◆ What the exercise asks ◆
Beginning with the line that holds "先日、予告で私から申し上げた『みなし陽性』が県庁で正式に決定。" and finishing with the line that holds "A Trash 80’s", repeat the listing exactly, leaving every picture out.

◆ Entries provided ◆
* * * *

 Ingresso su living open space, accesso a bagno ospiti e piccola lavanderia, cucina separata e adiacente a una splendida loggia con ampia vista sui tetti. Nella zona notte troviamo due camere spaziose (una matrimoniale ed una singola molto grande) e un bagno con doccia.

* * * *

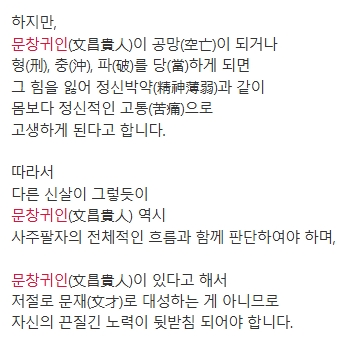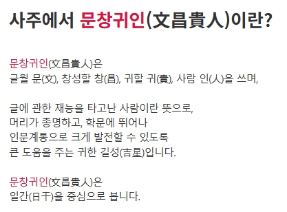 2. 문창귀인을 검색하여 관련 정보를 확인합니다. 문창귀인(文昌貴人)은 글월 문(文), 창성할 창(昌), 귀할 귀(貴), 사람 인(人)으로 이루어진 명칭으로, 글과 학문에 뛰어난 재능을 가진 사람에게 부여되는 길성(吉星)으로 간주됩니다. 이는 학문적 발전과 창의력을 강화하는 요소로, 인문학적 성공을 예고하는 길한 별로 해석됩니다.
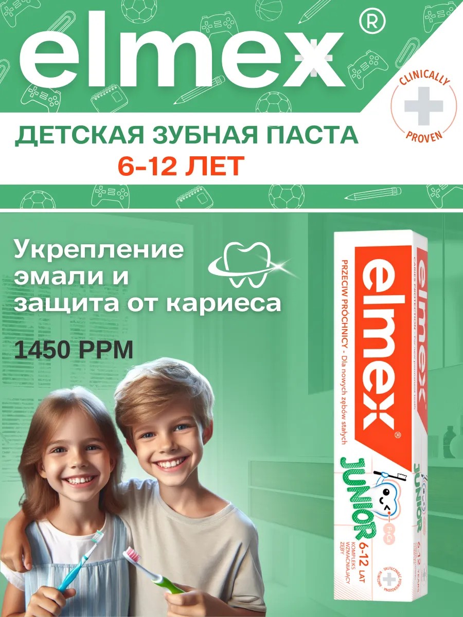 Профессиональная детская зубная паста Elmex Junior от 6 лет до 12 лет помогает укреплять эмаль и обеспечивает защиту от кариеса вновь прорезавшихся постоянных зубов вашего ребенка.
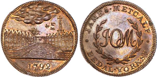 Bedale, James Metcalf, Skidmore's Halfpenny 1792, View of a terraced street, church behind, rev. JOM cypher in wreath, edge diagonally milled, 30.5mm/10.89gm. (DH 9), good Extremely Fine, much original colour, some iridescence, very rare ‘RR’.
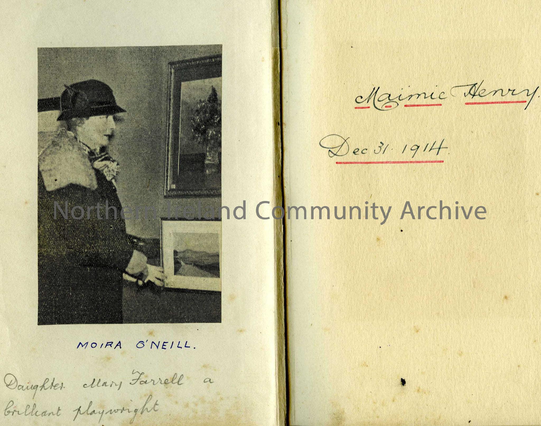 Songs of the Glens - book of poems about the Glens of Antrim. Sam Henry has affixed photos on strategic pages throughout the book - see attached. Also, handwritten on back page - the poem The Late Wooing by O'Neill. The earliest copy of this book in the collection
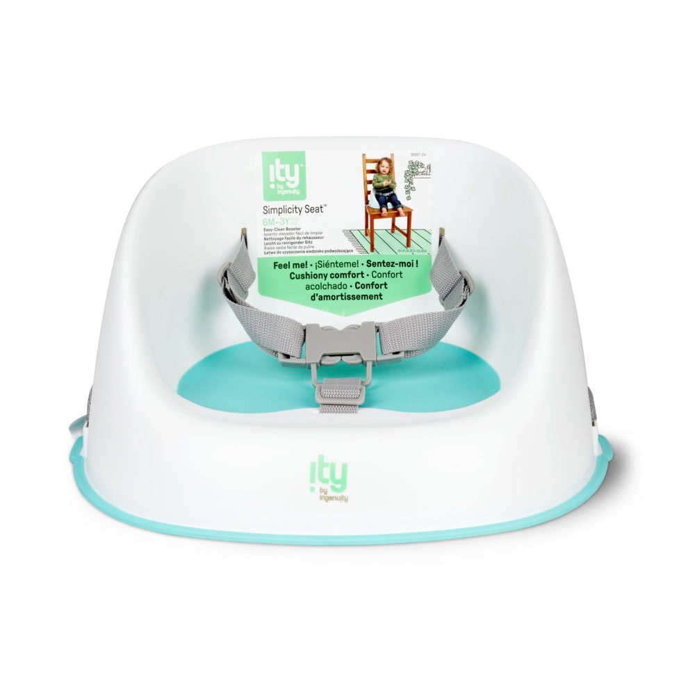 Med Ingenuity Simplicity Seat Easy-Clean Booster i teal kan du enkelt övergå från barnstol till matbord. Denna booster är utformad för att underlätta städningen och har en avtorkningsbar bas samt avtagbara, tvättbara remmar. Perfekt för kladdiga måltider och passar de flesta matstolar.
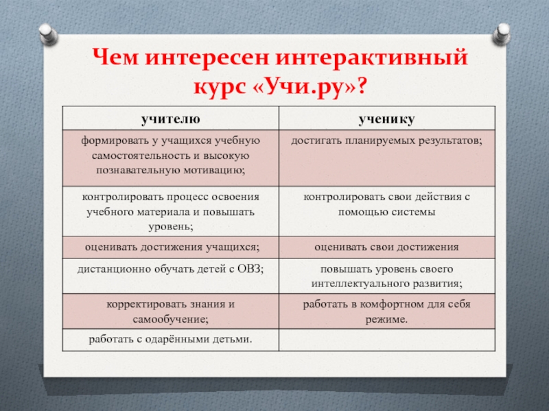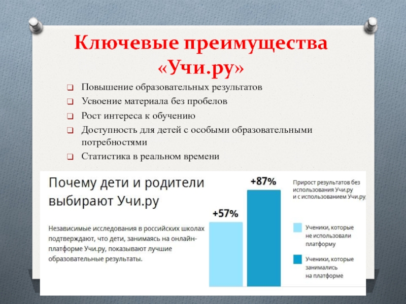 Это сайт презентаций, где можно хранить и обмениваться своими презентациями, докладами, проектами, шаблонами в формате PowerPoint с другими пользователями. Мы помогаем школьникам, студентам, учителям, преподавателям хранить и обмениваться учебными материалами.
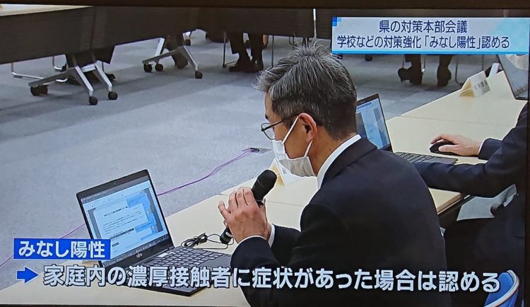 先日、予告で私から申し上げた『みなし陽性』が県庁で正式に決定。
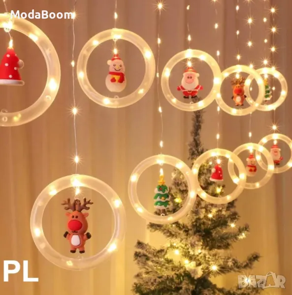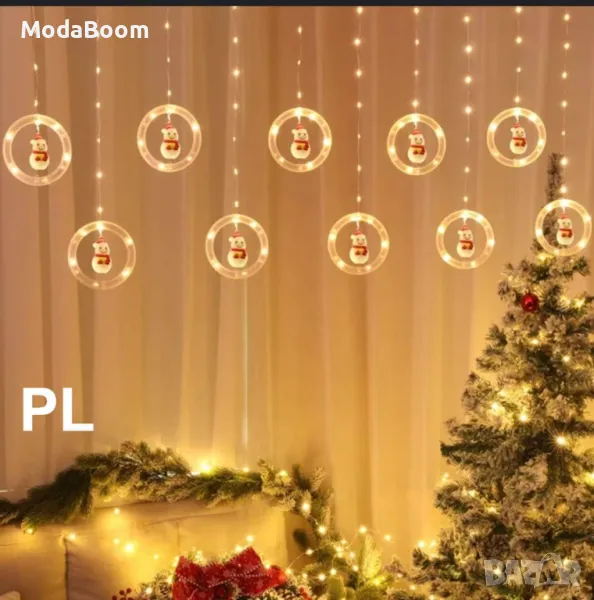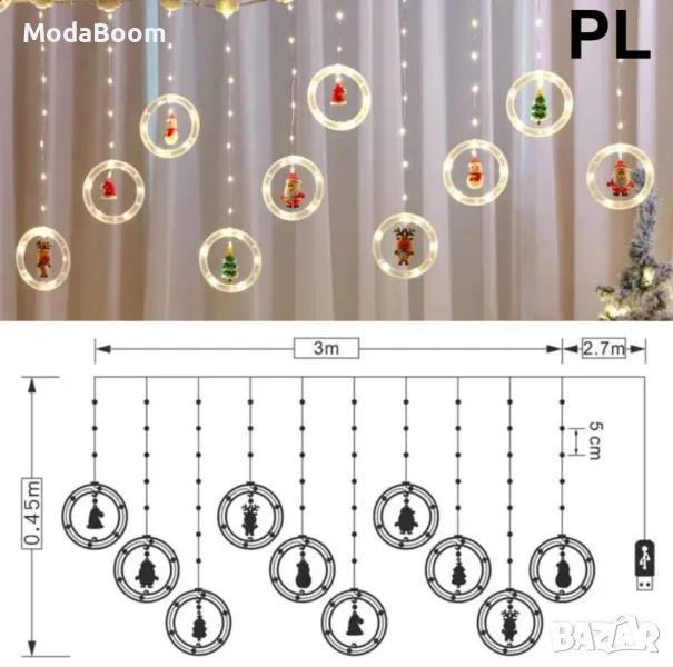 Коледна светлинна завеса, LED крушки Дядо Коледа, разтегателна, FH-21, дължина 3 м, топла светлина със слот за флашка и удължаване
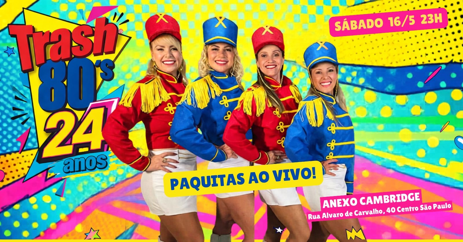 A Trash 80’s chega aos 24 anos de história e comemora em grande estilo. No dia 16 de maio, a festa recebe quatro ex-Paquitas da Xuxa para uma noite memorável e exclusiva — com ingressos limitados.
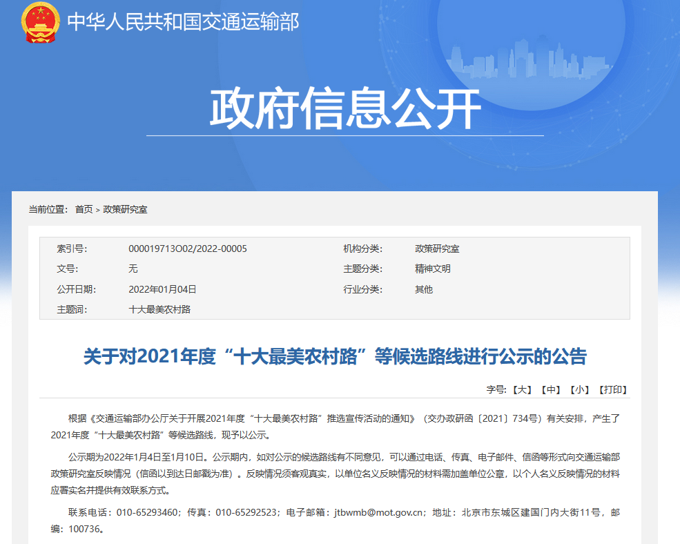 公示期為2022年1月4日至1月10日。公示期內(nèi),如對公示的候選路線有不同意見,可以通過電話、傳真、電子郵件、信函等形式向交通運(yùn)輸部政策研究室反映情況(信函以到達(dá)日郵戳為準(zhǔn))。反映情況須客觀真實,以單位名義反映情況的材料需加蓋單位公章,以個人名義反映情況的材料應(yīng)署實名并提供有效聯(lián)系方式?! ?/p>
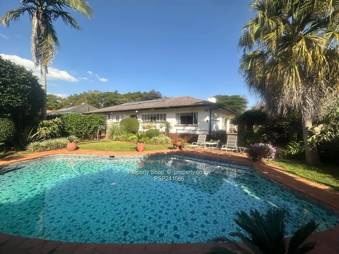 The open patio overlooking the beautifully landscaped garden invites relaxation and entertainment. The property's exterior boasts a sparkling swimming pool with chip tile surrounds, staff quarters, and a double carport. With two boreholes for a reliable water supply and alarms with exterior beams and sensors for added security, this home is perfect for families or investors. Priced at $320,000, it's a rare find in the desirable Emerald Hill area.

* * * *

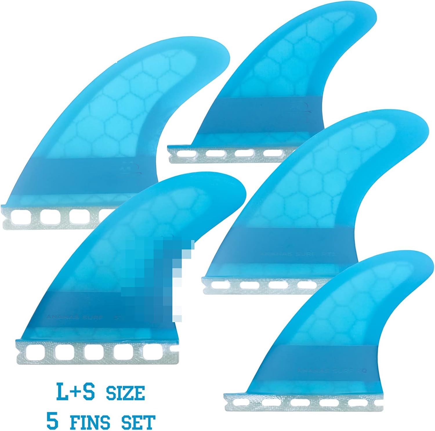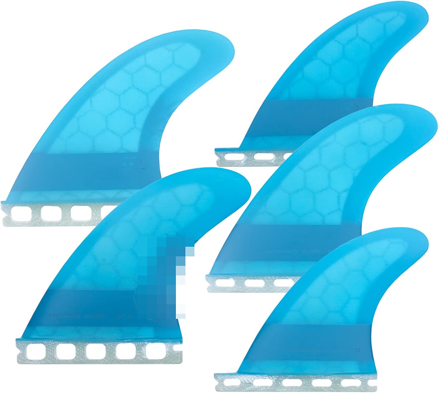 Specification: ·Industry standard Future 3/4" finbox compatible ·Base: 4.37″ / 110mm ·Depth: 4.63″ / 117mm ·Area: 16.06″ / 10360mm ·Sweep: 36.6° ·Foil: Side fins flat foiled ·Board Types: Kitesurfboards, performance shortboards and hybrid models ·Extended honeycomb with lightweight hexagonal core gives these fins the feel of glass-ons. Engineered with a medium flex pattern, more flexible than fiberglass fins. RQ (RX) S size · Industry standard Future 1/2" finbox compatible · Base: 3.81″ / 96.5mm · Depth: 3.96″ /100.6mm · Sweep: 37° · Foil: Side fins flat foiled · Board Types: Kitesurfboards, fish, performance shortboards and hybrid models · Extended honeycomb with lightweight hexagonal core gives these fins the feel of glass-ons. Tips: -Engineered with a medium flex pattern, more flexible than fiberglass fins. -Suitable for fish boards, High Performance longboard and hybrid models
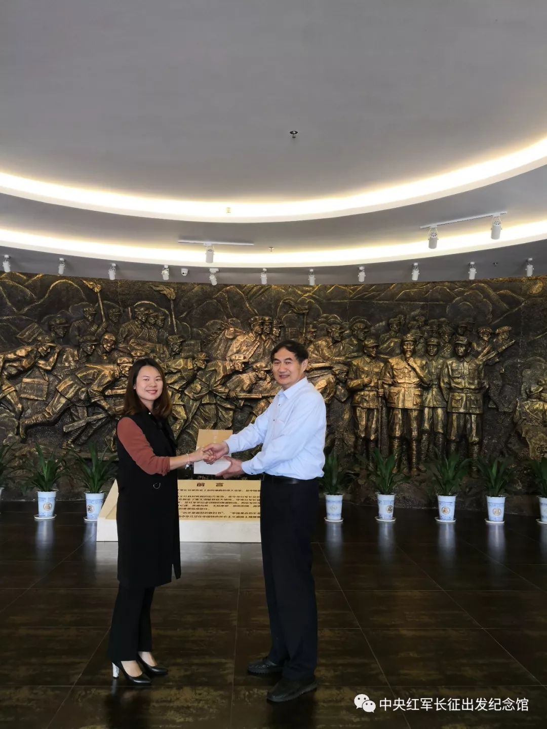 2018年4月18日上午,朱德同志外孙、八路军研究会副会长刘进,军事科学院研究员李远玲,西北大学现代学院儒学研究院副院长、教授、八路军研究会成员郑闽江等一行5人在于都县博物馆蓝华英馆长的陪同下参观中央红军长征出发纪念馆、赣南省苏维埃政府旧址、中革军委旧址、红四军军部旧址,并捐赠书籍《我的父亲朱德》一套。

* * * *

◆ Response area ◆
 先日、予告で私から申し上げた『みなし陽性』が県庁で正式に決定。
 Коледна светлинна завеса, LED крушки Дядо Коледа, разтегателна, FH-21, дължина 3 м, топла светлина със слот за флашка и удължаване
 A Trash 80’s chega aos 24 anos de história e comemora em grande estilo. No dia 16 de maio, a festa recebe quatro ex-Paquitas da Xuxa para uma noite memorável e exclusiva — com ingressos limitados.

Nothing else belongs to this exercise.